Limitations in this study include its retrospective nature and limited power to detect differences in outcomes on subgroup analysis given the small sample size. In addition, a long study period was required to maximize patient numbers, which may have altered clinical outcomes since postoperative rehabilitation protocols changed over the 2 decades. Postoperative protocols progressed to earlier range of motion, weightbearing, and strengthening as confidence improved with the semitendinosus augmentation procedure. Furthermore, surgical techniques evolved during this time frame, which may have altered postoperative clinical outcomes. However, this long study period allowed for further development of a treatment algorithm in this relatively uncommon condition. Additional limitations in this study include the short 1-year postoperative follow-up for inclusion in this study, which may have missed late surgical failures. Although postoperative radiographs were obtained to assess Caton-Deschamps Indices, MRI was not performed to be able to assess healing of the restored extensor mechanism.

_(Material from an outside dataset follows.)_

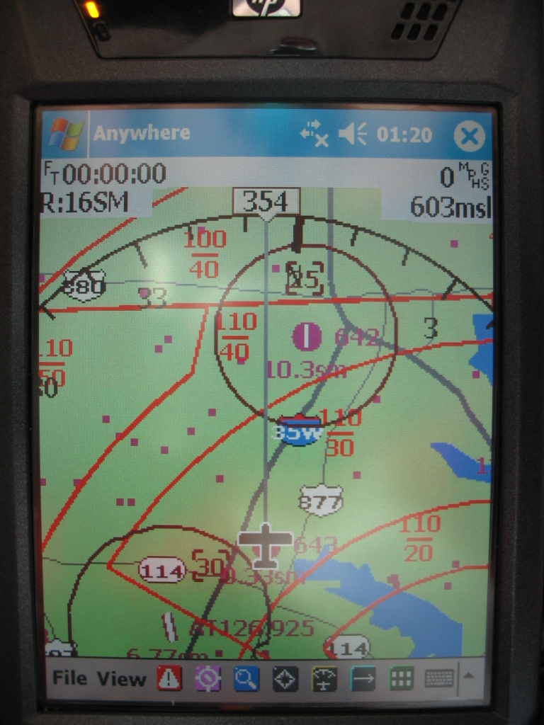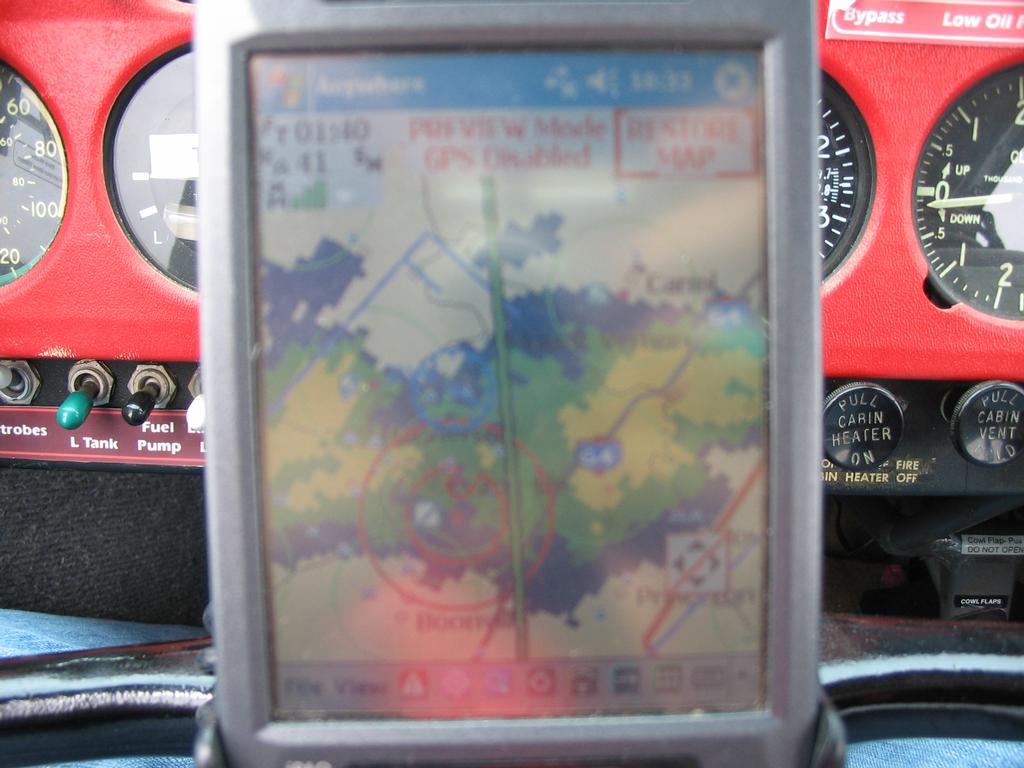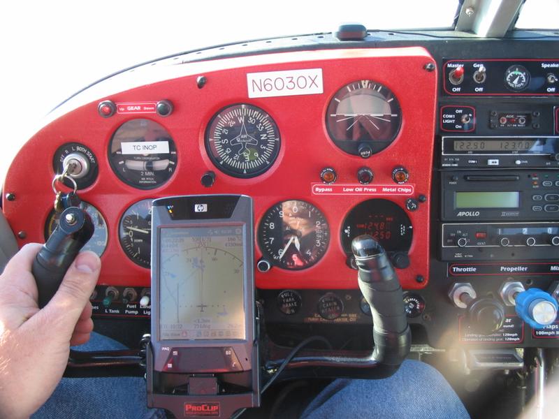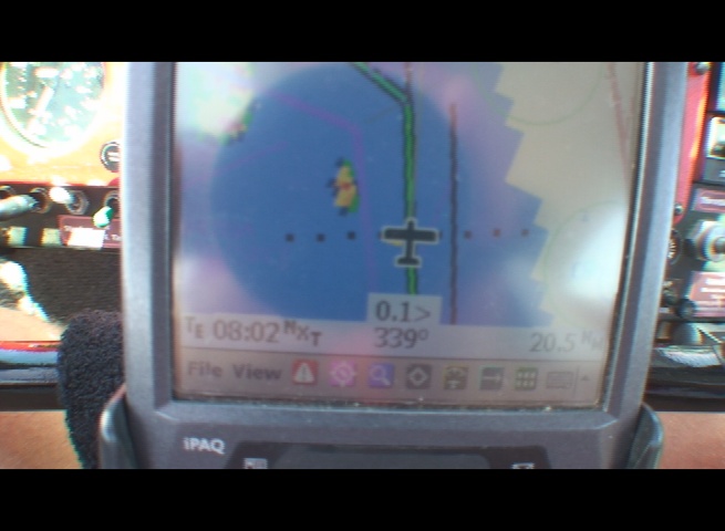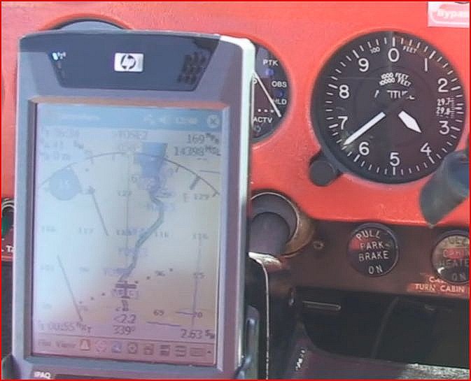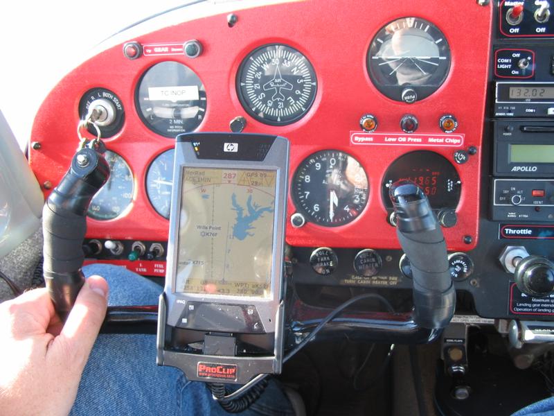 I am now using AnywhereMap Wx on the HP iPaq 4705 PDA running Windows Mobile, and it works fantastically! To the right you can see the panel-mounted old Apollo 820 LORAN I used to have in the cockpit.

Lastly, extensor mechanism lag was assessed without the use of a goniometer, and no objective strength testing was performed beyond manual muscle testing; however, all physical examinations were performed by the same, experienced operating surgeon.
Conclusion
Our strategy for treatment of patellar and quadriceps tendon rupture was based on native tissue quality, chronicity of the extensor mechanism disruption, and history of prior surgery. Primary repair alone, repair using semitendinosus tendon autograft augmentation, and reconstruction using Achilles tendon allograft were all effective methods to restore extensor mechanism and knee function with the proper indications. Persistent knee extensor lag was more common in chronic extensor mechanism injuries requiring revision surgery, although patients still reported significantly improved postoperative functional outcomes.
Footnotes
One or more of the authors has declared the following potential conflict of interest or source of funding: M.J.S. and A.J.K. received support from the Quattrone-Foderaro Musculoskeletal-Orthopaedic Surgery Research Innovation Fund and the National Institute of Arthritis and Musculoskeletal and Skin Diseases for the Musculoskeletal Research Training Program (T32AR56950). C.R.C.S. has received hospitality payments from Stryker. M.D.L. has a family member with the following disclosures: research support from Smith & Nephew; consulting fees from Arthrex, Linvatec, Ossur, and Smith & Nephew; speaking fees from Smith & Nephew; and royalties from Arthrex, Smith & Nephew, and Thieme. A.J.K. has received research support from Ceterix and Gemini Medical, consulting fees from Arthrex and MTF, speaking fees from MTF, and honoraria from MTF. M.J.S. has received research support from Stryker and consulting fees and royalties from Arthrex. AOSSM checks author disclosures against the Open Payments Database (OPD). AOSSM has not conducted an independent investigation on the OPD and disclaims any liability or responsibility relating thereto.
Final revision submitted May 20, 2021; accepted June 23, 2021.
The contents of this study are solely the responsibility of the authors and do not necessarily represent the official views of the National Institutes of Health. Ethical approval for this study was obtained from Mayo Clinic (application No. 15-000601).